CDLUC3 / mrt-doc

Documentation and Information regarding the Merritt repository
8 stars 4 forks source link

Inventory socket timeout Nagios alerts - update jvm memory #1930

Closed terrywbrady closed 4 weeks ago

terrywbrady commented 1 month ago

Ashley's analysis suggests that increasing the JVM size will affect the swap issue spikes we see. We will increase the JVM on prod. Inventory from 1GB to 1.5GB on Monday and the reboot after patching on Tuesday will allow it to take effect.

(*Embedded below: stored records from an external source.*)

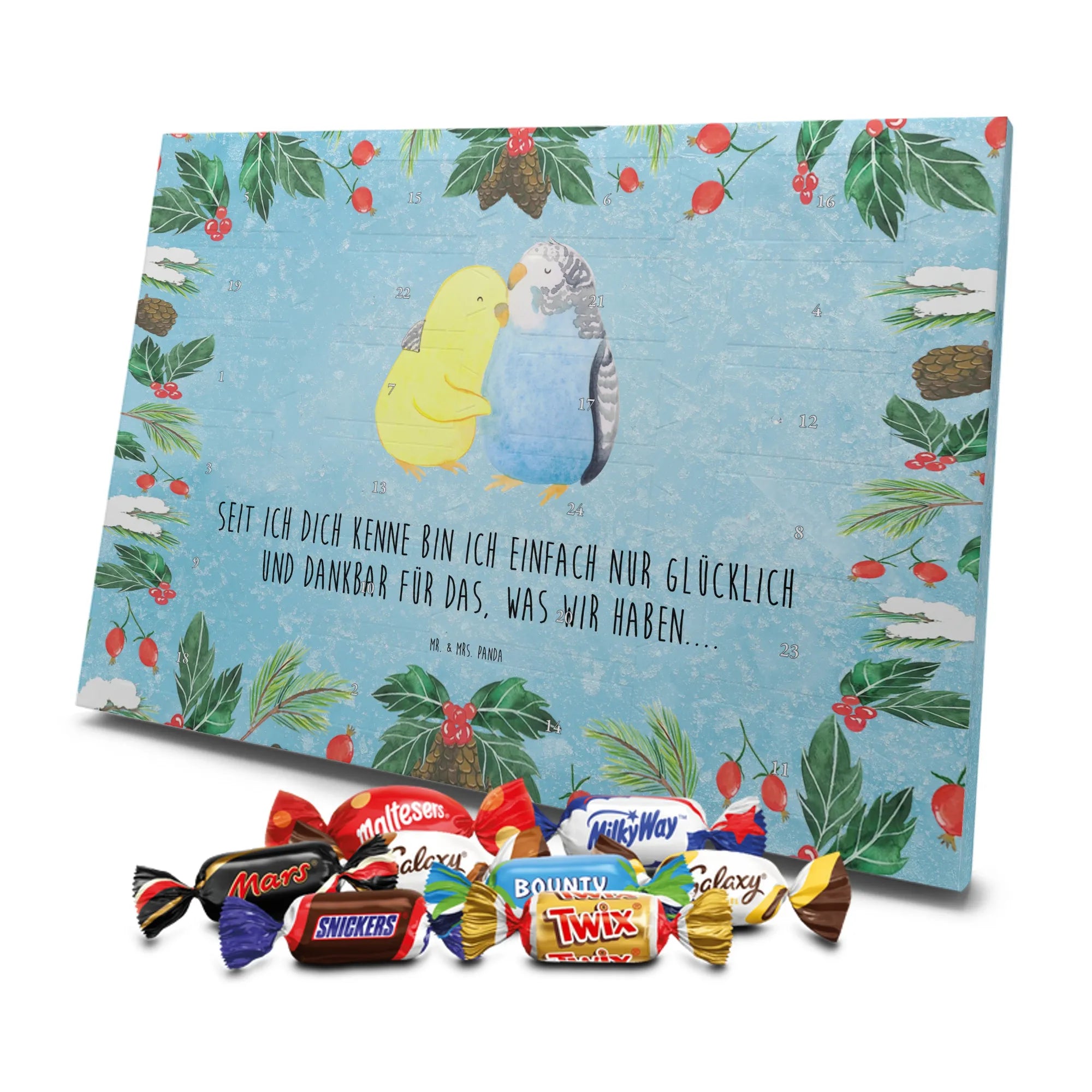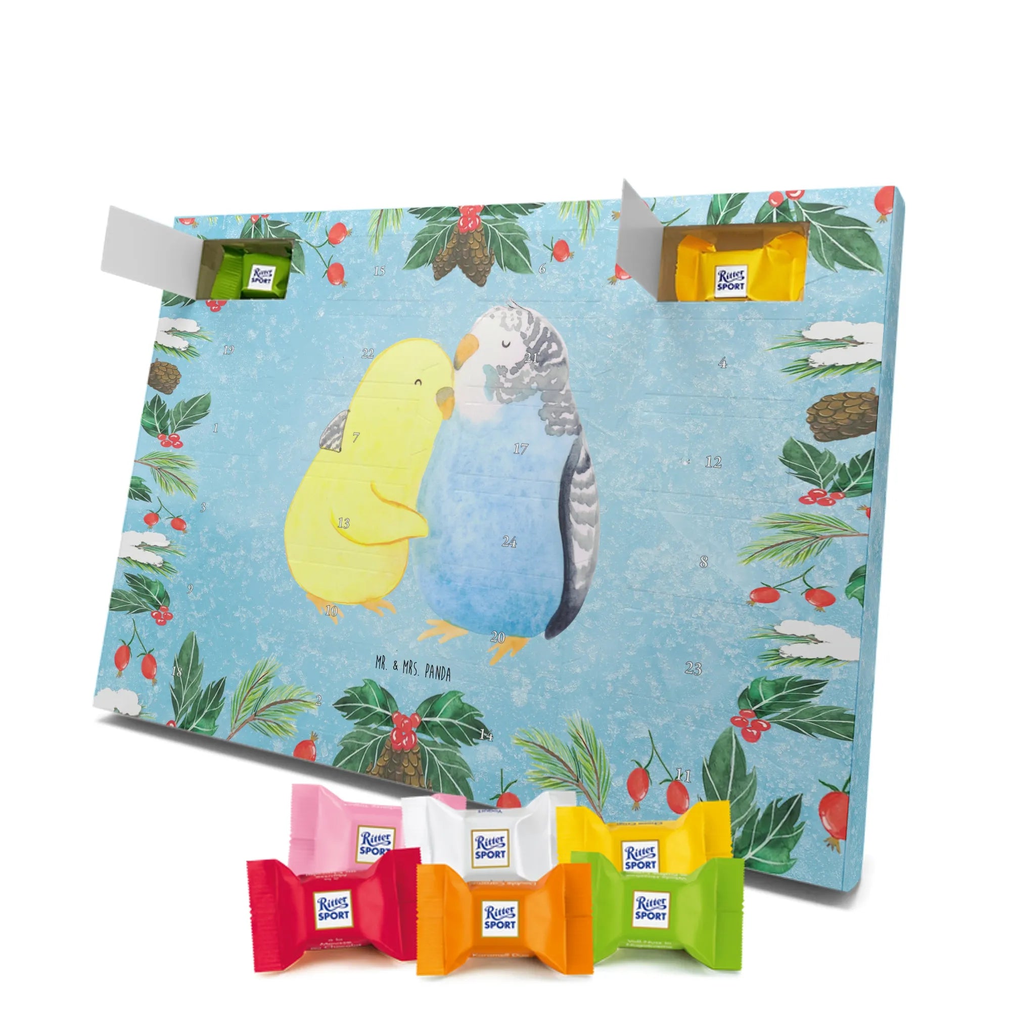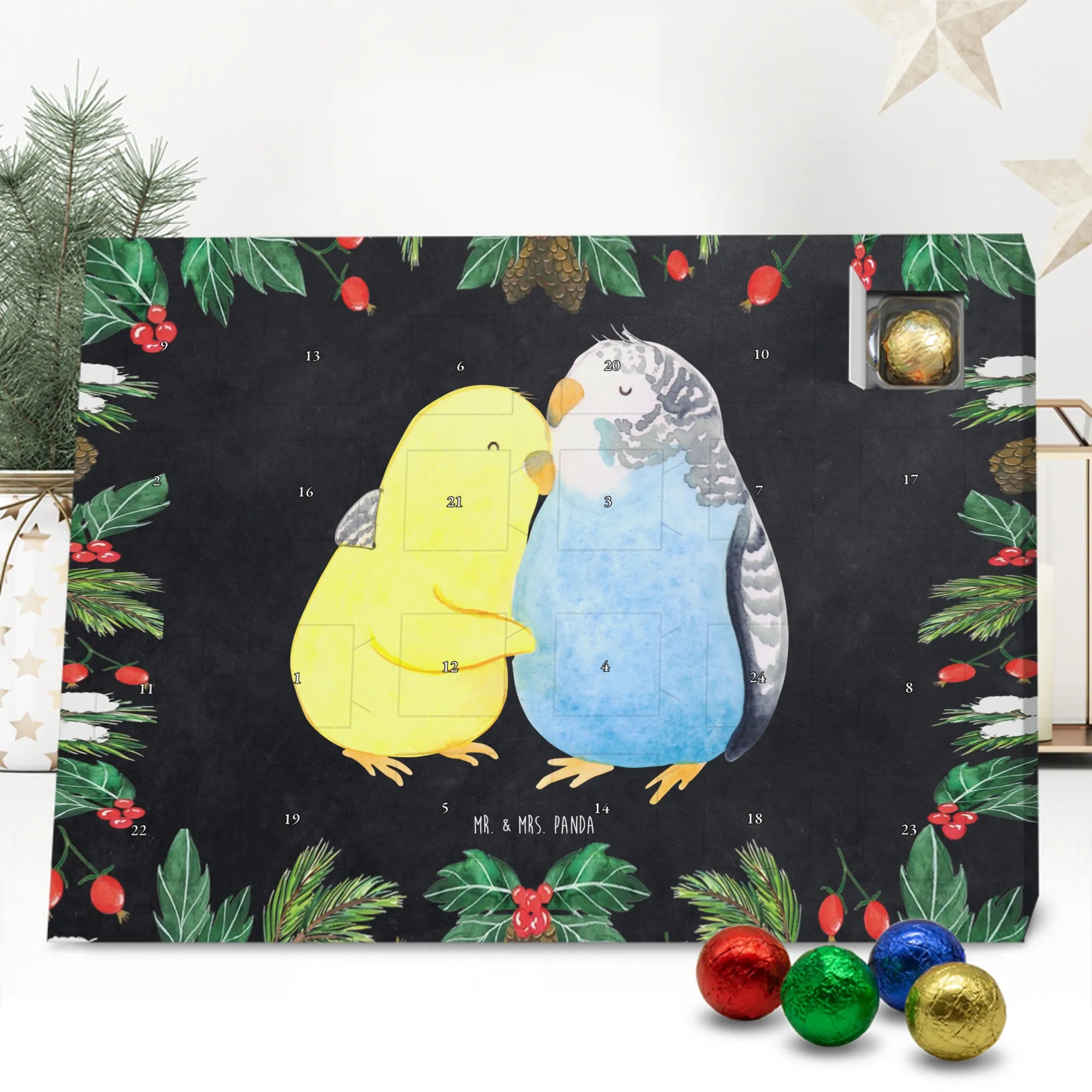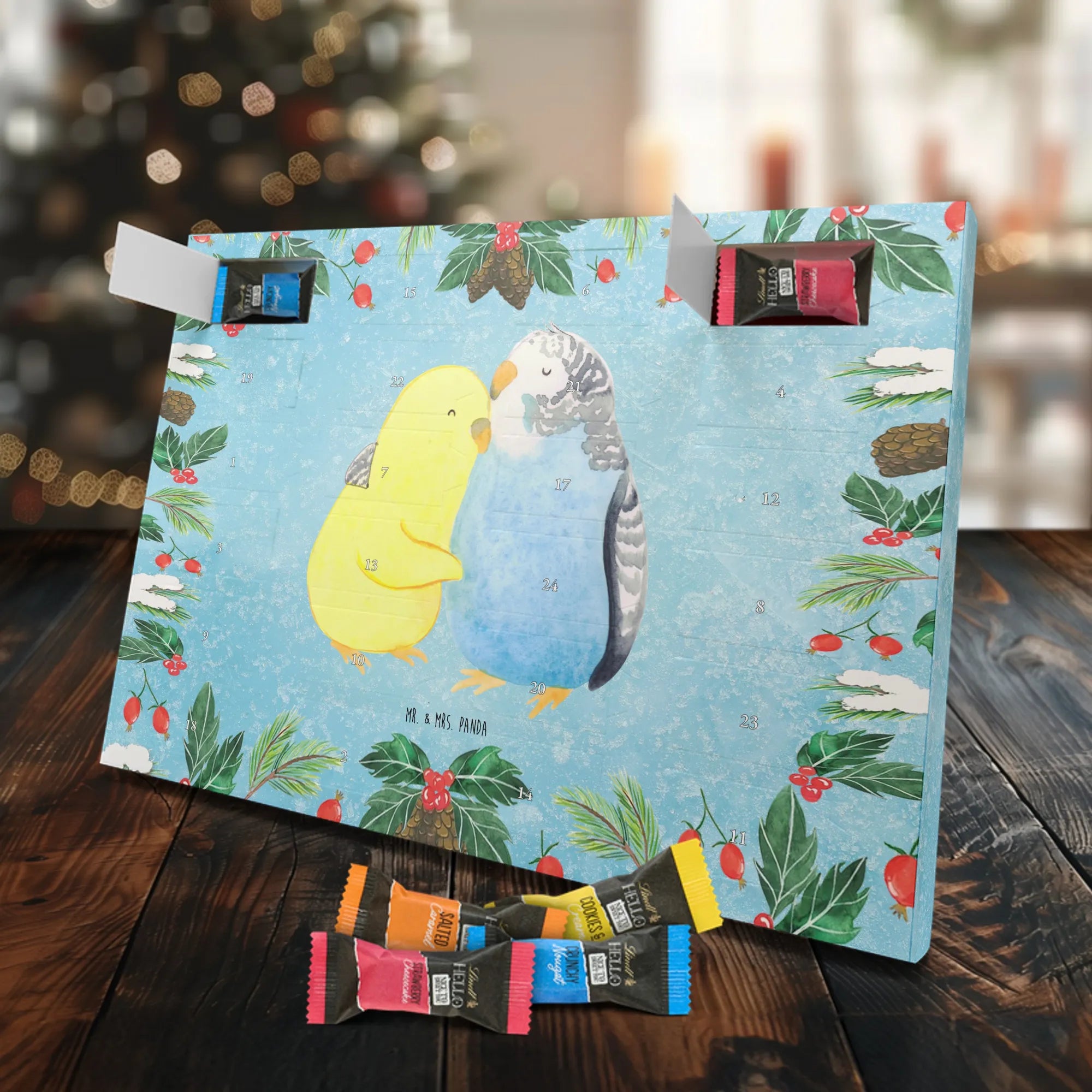 Chocolate advent calendar Parakeets in love - Classic - with saying - Ice Blue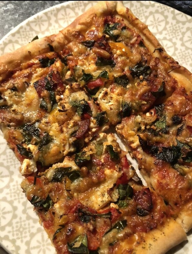 Tomato, olives, garlic, spinach, onions, pepper and various cheeses with sweet chilli and garlic mayo!by Ambae2000 Looking for FeedbackpizzaWrite A CommentYou must be logged in to post a comment.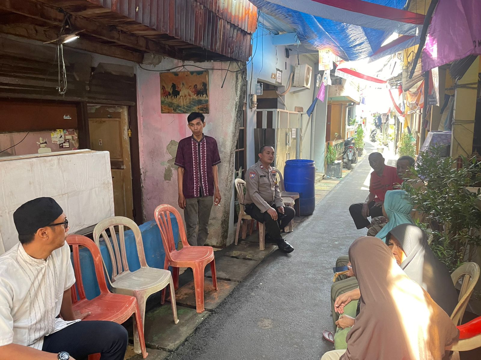 Sebagai bentuk kepedulian dan kedekatan dengan masyarakat binaan, Bhabinkamtibmas Kelurahan Menteng, Aiptu Robby Danan Jaya, hadir dalam giat takziah tersebut. Kehadiran aparat kepolisian di tengah suasana berkabung ini menjadi penguat moral bagi keluarga yang ditinggalkan.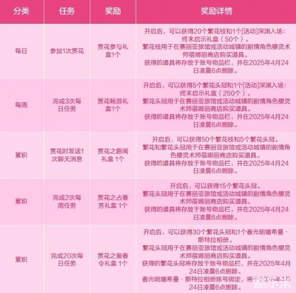 1、在赛丽亚旅馆【蓓娜丽】处即可进入活动场景,每个整点赏花观景台将开启5分钟的赏花;
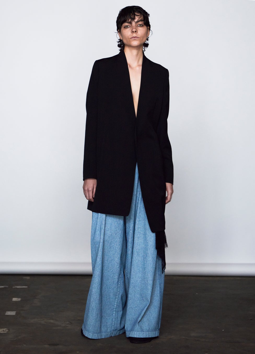 アシンメトリカルジャケットには断ち切りのレースが付属し、デニムカラーのジーンズは上品な印象を与えます。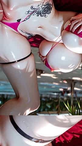 Foursome on a nudist beach with 3 Breasty Blondes with Red Bikini - AI Generation Anal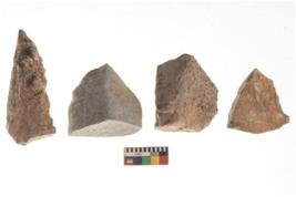 | Description / विवरण | There are n 4 utilized flakes. There are multi directional irregular scar pattern on both dorsal and ventral face of the flakes. One has pen pointed at one end, and one has flat base, and two have sharp edges. |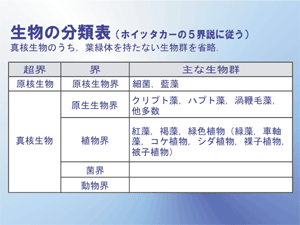 植物と動物の二つのグループにわける”伝統的考え”は、現代生物学では受け入れることができません。菌類や細菌など、植物とも動物とも言えない生物群があるのです。現在は、生物を真核生物と原核生物の二つに分け、真核生物をさらに4つ(原生生物、動物、菌類、植物)に細分する考えが主流です。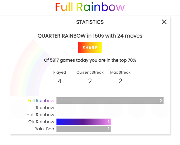 QUARTER RAINBOW in 150s with 24 moves. “More is lost by indecision than wrong decision.” —Marcus Tullius Cicero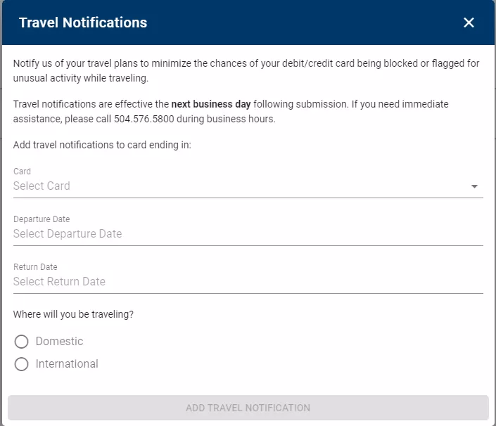 Select whether you are traveling Domestic (within the United States) or International. Then, select the specific country/state. If you are traveling to multiple locations, you can send us a message through online banking to add more details.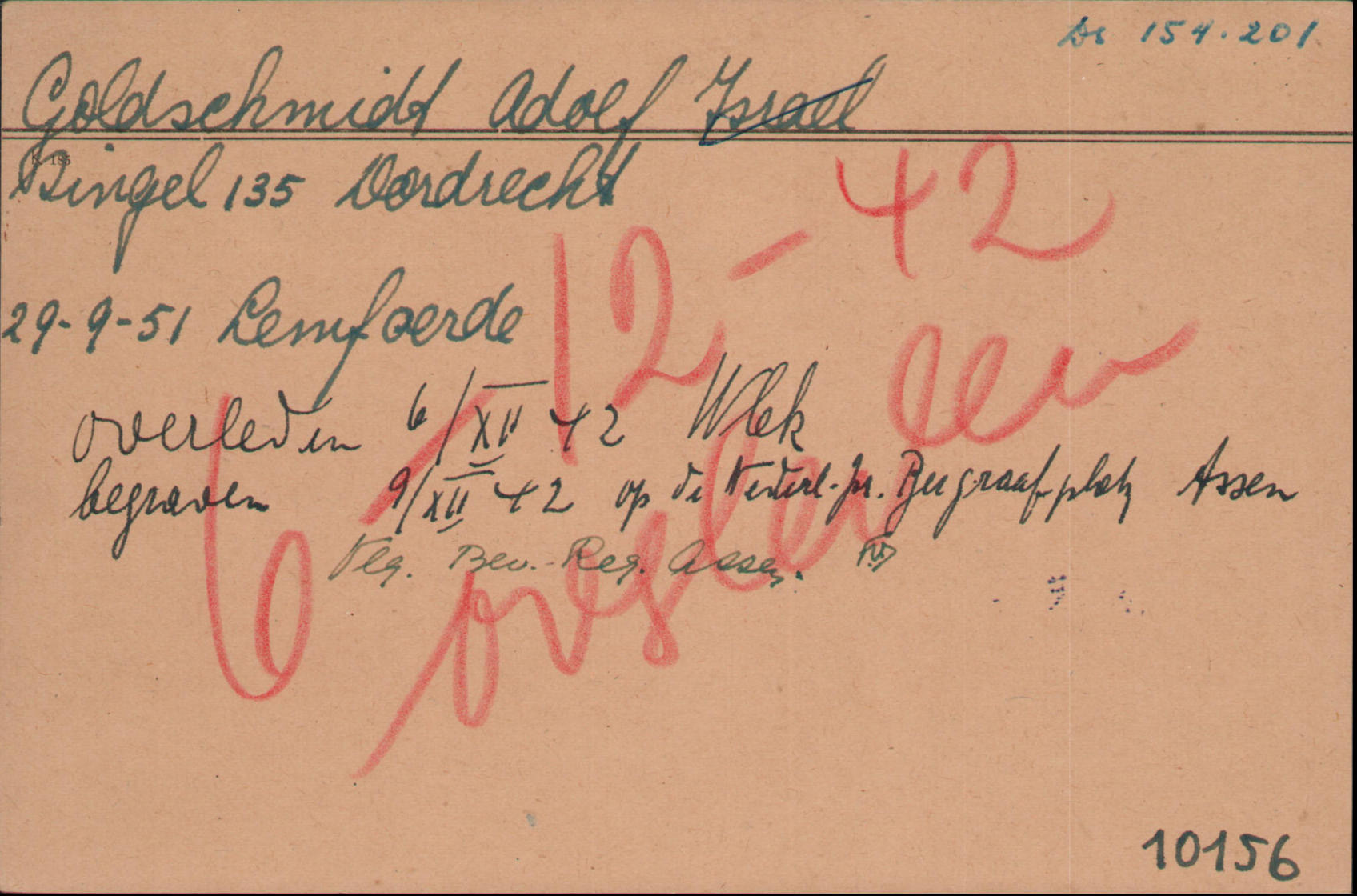 Am 10. November 1942 erfolgte eine große Razzia der deutschen Behörden gegen die jüdische Bevölkerung. In Dordrecht wurden 29 Juden auf der Straße und aus ihren Unterkünften heraus verhaftet. Im Haus Singel 229 hielten sich mehrere jüdische ältere Menschen versteckt. Unter ihnen war auch der 91-jährige Adolf Goldschmidt. Er war erst am 1. September 1942 in das Haus gekommen. Nach der Verhaftung wurde er in das sogenannte Durchgangslager Westerbork gebracht. Dort verstarb er am 6. Dezember 1942. Seine Tochter Margarethe, die sich ebenfalls im Lager Westerbork befunden hatte, war kurz zuvor mit ihrer Familie in das Vernichtungslager Auschwitz deportiert worden. Adolf Goldschmidt wurde am 9. Dezember 1942 auf dem jüdischen Friedhof in Assen in den Niederlanden begraben. Auch sein Sohn Siegfried wurde mit seiner Frau aus den Niederlanden deportiert und im Vernichtungslager Auschwitz ermordet.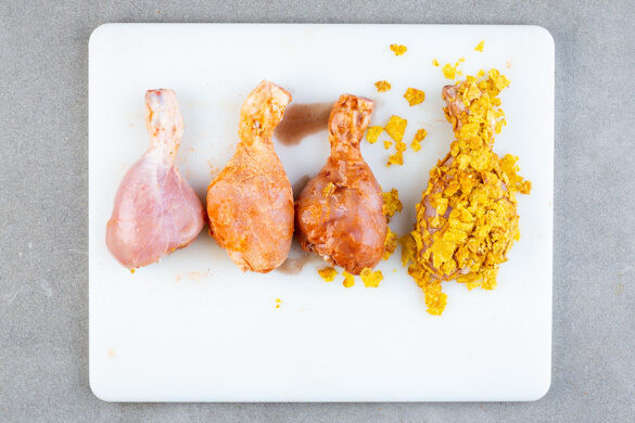 Das Fleisch von der Haut befreien, trocken tupfen und mit dem Gewürz-Mix einreiben. Das Fleisch anschließend in der Bohnenflüssigkeit wenden, überschüssige Flüssigkeit kurz abtropfen lassen und das Fleisch in den Tortillachips wenden. Die Tortillachips mit den Fingern festdrücken und das Fleisch auf ein mit Backpapier ausgelegtes Backblech legen.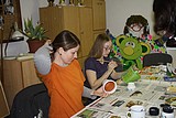 V březnu vyzkoušely také novou techniku, tentokrát to byla tzv. „DECOUPAGE“ / ubrousková technika /. Při této činnosti se používají papírové ubrousky na zdobení např. krabiček, květináčků, lahviček apod.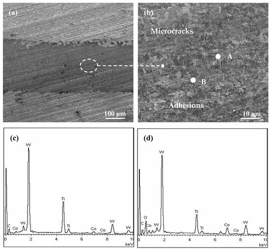 To further investigate the composition of the adhesions, an EDS analysis was conducted in Figure 8c,d. The results revealed that the adhesion material primarily consisted of WC and Co elements. This indicates that the interface between the two surfaces became damaged, leading to the transfer of material from one surface to another.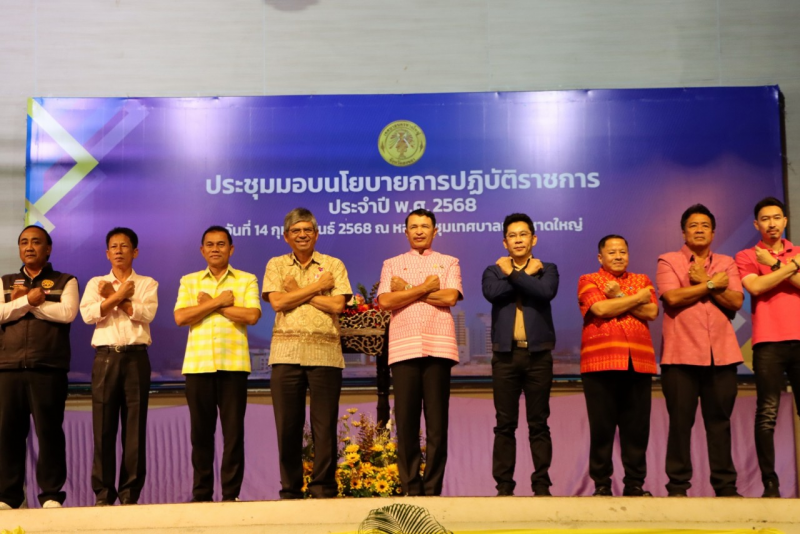 โดย พล.ต.ท.สาคร ทองมุณี นายกเทศมนตรีนครหาดใหญ่ ได้มอบนโยบายการปฏิบัติงาน ประจำปี งบประมาณ 2568 และแนวทางการปฏิบัติงานให้แก่พนักงานเทศบาล ในเรื่องการปฏิบัติงานของผู้ใต้บังคับบัญชา ให้เป็นไปตามนโยบายที่ทางคณะบริหารฯได้กำหนดไว้ โดยยึดหลักความถูกต้อง ระเบียบและข้อกฎหมายของราชการ รวมถึงการให้บริการประชาชน ให้เน้นการบริการเชิงรุก สุภาพ และเป็นมิตรกับประชาชน มีความรับผิดชอบต่อหน้าที่ที่ได้รับมอบหมาย
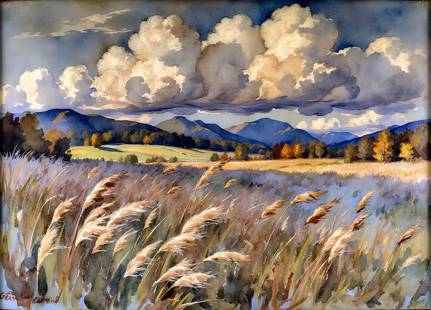 秋の草原の朝、高積雲が流れ、枯れた草が風に吹かれて、木々が色づいています。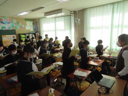 コミュニケーション活動が盛んに行われます。そんな中、クリスマスソングをみんなで歌っていました。ハッピークリスマス(ジョンレノン)の歌です。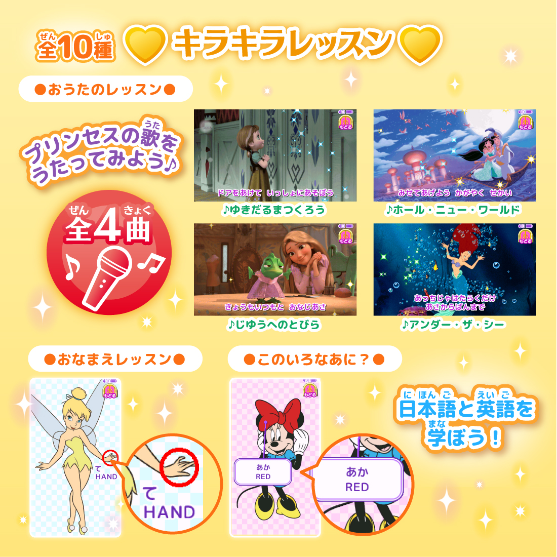 ディズニーの映画楽曲『ホール・ニュー・ワールド』『アンダー・ザ・シー』『じゆうへのとびら』『ゆきだるまつくろう』を使用した「おうたのレッスン」アプリを収録。

elopatin-uc3 commented 4 weeks ago

Suggest testing on Stage by taking one inv host out of the load balancer, requesting to alter the other inv host to a larger instance type, and testing with the largest manifest we have to see where incremental increases in memory no longer help. Then we can determine what an optimal jvm memory configuration is.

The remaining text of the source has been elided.